The deals at the center of the controversy, made over the last decade, are conservation easements granted on property by a landowner to limit or prevent future commercial or residential development on the land. In exchange, the state grants the landowner–typically a farmer or rancher–a tax credit based on the land’s value. More recently, however, the state has called into question the value of some conservation easements and has not been honoring the tax credits, McKinley maintains.
“They’ve been demanding interest, fees and penalties on easements that they now say they won’t be honoring,” he sad. “The state is saying that the lands were overvalued.”
The easements were sold before the state made revisions to the guidelines governing easements, said McKinley. The state is now saying that the appraisals of the easementswere overvalued and cannot be honored, he says.
He is drafting legislation, to be introduced when the legislature convenes next month, requiring the state to honor the promised tax credits.

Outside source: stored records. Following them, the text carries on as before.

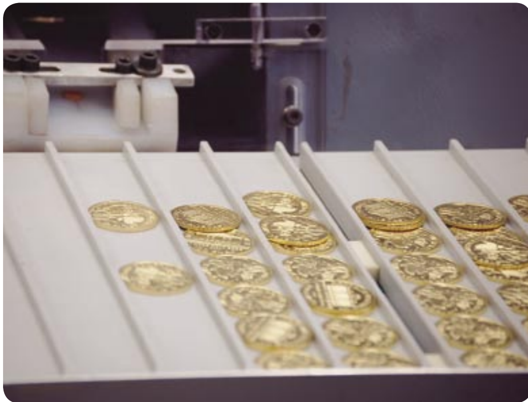
Tako letijo eno in ččo težki Dunajski filharmoniki iz stroja. Posamezen zlatnik je vreden 544,90 evra.

tom. En takšen Dunajski filharmonik stane 544,90 evra.
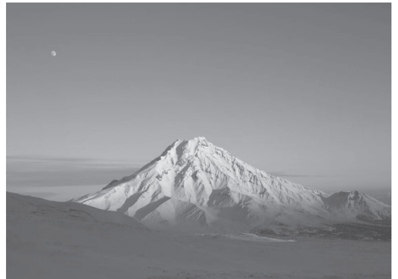
Вулкан «Толбачик»

Опасными соседями – вулканами – можно любоваться прямо из окон домов в любом поселении Усть-Камчатского района. Природа здесь проявляет себя во всей красе: горы, океан, реки, леса. Кроме того, район славится богатой флорой и фауной.
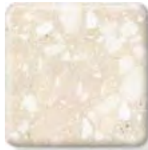
SAVANNAH (4) \frac{1}{2} in 12.3 mm
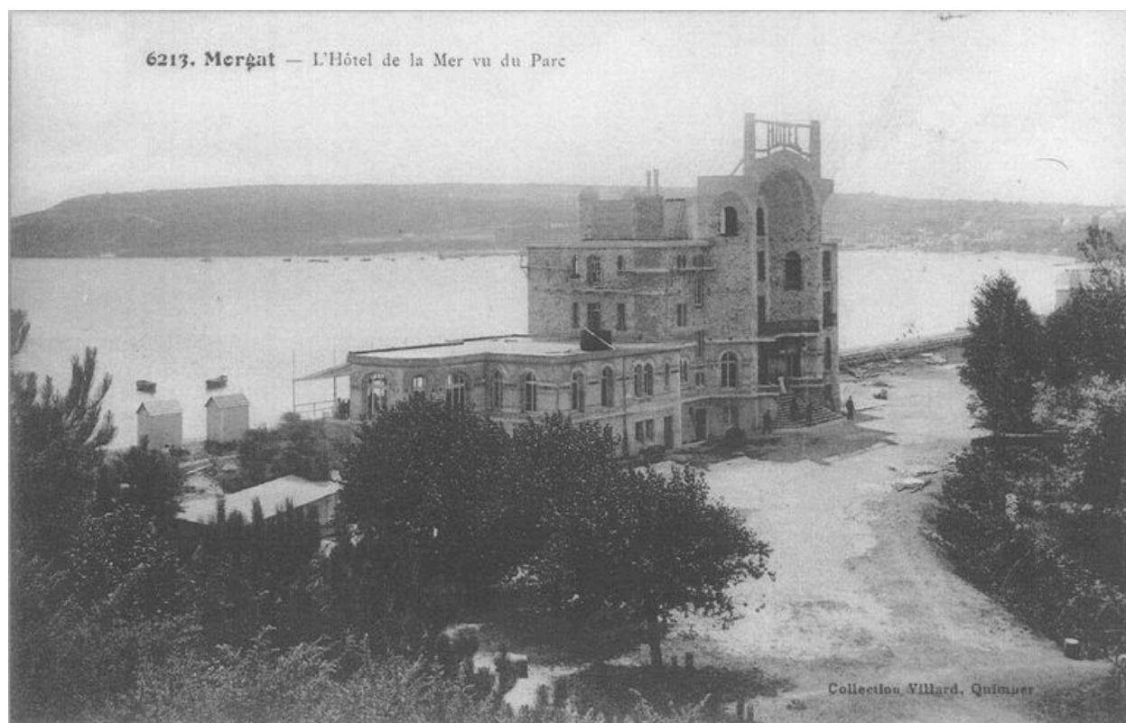
Carte postale : l'Hôtel de la Mer vu du Parc

Many of the disputed appraisals involve gravel-deposit areas whose value can be readily evaluated due to precise measurements that can be taken to determine the quantity of gravel deposits; and to market rates that are available daily, says the Walsh lawmaker.
Republican Sen.-elect Kevin Grantham, of Canon City, says he is looking forward to working with McKinley on the issue because he has heard the anecdotal stories from constituents who feel the state is reneging.
“People relied on these things, and the state didn’t hold up their end of the bargain,” said Grantham. “It’s a real issue where there’s been a lack of due process. We’ll see what we can do for these folks down there that are relying on agreements and seem to be getting the stilts kicked out from under them.”
“You made the deal, live with it,” said McKinley.